At some point the point of the game is to get people out. This weird thing has happened where a guy with elite spin rates to go with a WHIP of 1.8 and an ERA over 5 is somehow considered better than a guy who actually gets people out.
Ray has given up 43 HR and 130 walks in his last 225 innings over the past two years. He’s a huge project, even if his stuff is good in a vacuum.
Again - this rotation (no matter how it’s put together) has 1 guy who had an ERA under 5.50 last year. It’s a bunch of projects and hope.
It's a little disingenuous to cherry pick just 2020 stats when it was a crazy weird unprecedented year.
Robbie Ray:
career 4.26 ERA, 3.93 xFIP.
If you want to just isolate 2017-19 for a nice 3-year stretch he was 3.72 ERA, 3.81 xFIP
Ross Stripling:
Career 3.81 ERA, 3.66 xFIP.
2017-19: 3.36/3.39
Steven Matz:
Career 4.32/4.10,
17-19: 4.44/4.36
Roark:
Career 3.86/4.24,
17-19: 4.46/4.43
Roark is 34 and has trended downwards for several years. He's probably cooked and what he was last year and this year is likely who he is now.
Ray and Matz are 29, Stripling is 31. They've been inconsistent, but last year generally looks like a blip vs their usual performances prior to that season. Ray was actually only terrible with the D-Backs and evened out to about his 2019 levels once he joined Toronto.
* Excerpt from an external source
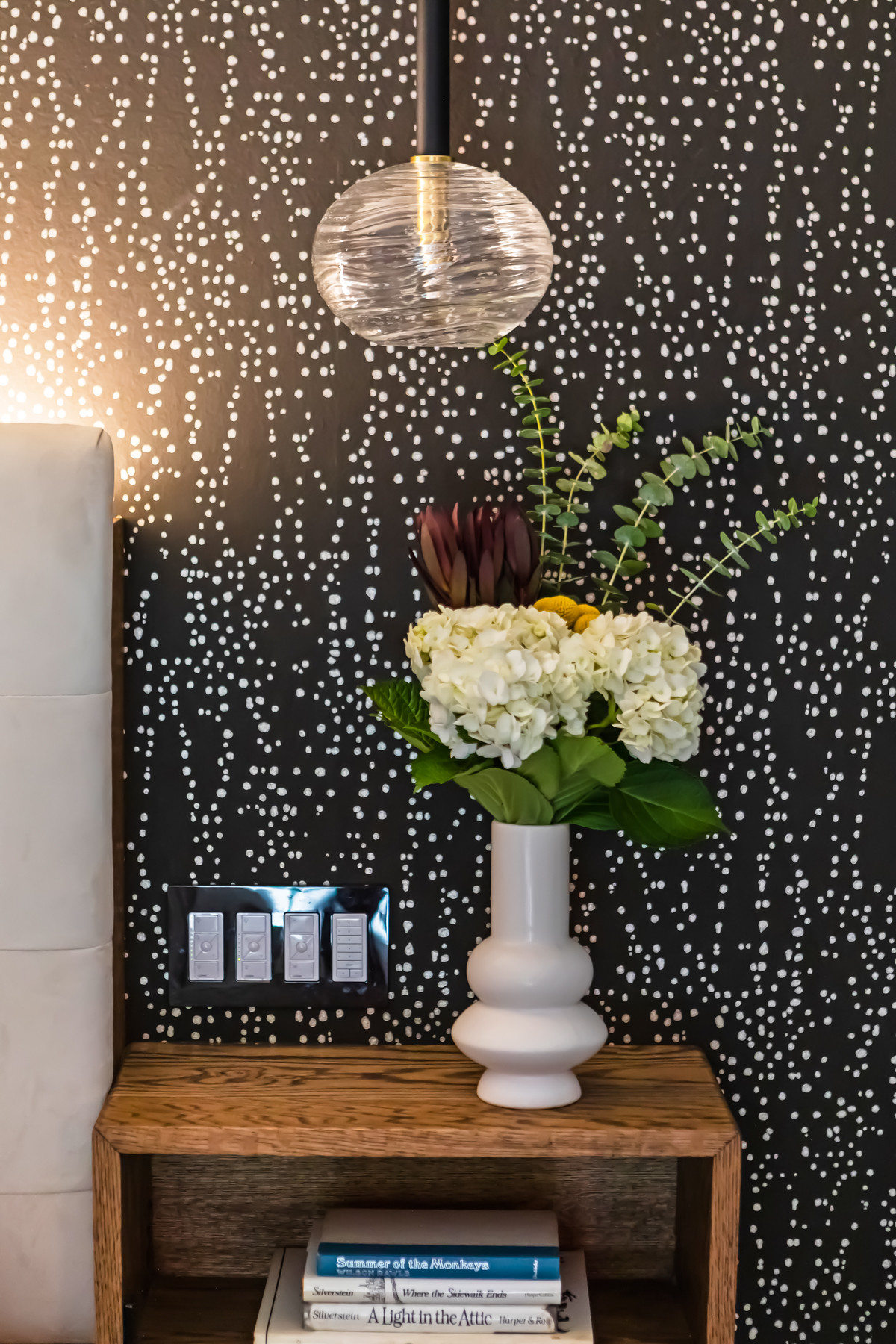 This Raleigh, North Carolina, bedroom by LK Design NC features a multifunction light switch panel discreetly disguised amid a similarly colored wallpaper.
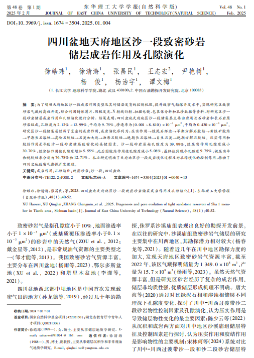 澳门十大网投正规官网平台硕士生徐皓玮在期刊《东华理工大学学报(自然科学版)》上发表题为“四川盆地天府地区沙一段致密砂岩储层成岩作用及孔隙演化”的研究论文。澳门十大网投正规官网平台为论文第一署名单位,徐清海副教授为通讯作者。

Each of them has shown mid-rotation or better capability at some point in their career, and most of their recent pre-2020 history suggests they can still do it (and ironically the one whose recent history doesn't carry that weight, Matz, is the one who had the best start to this season)
I liked what Walker did last year, but there are a lot of indicators that it was not sustainable.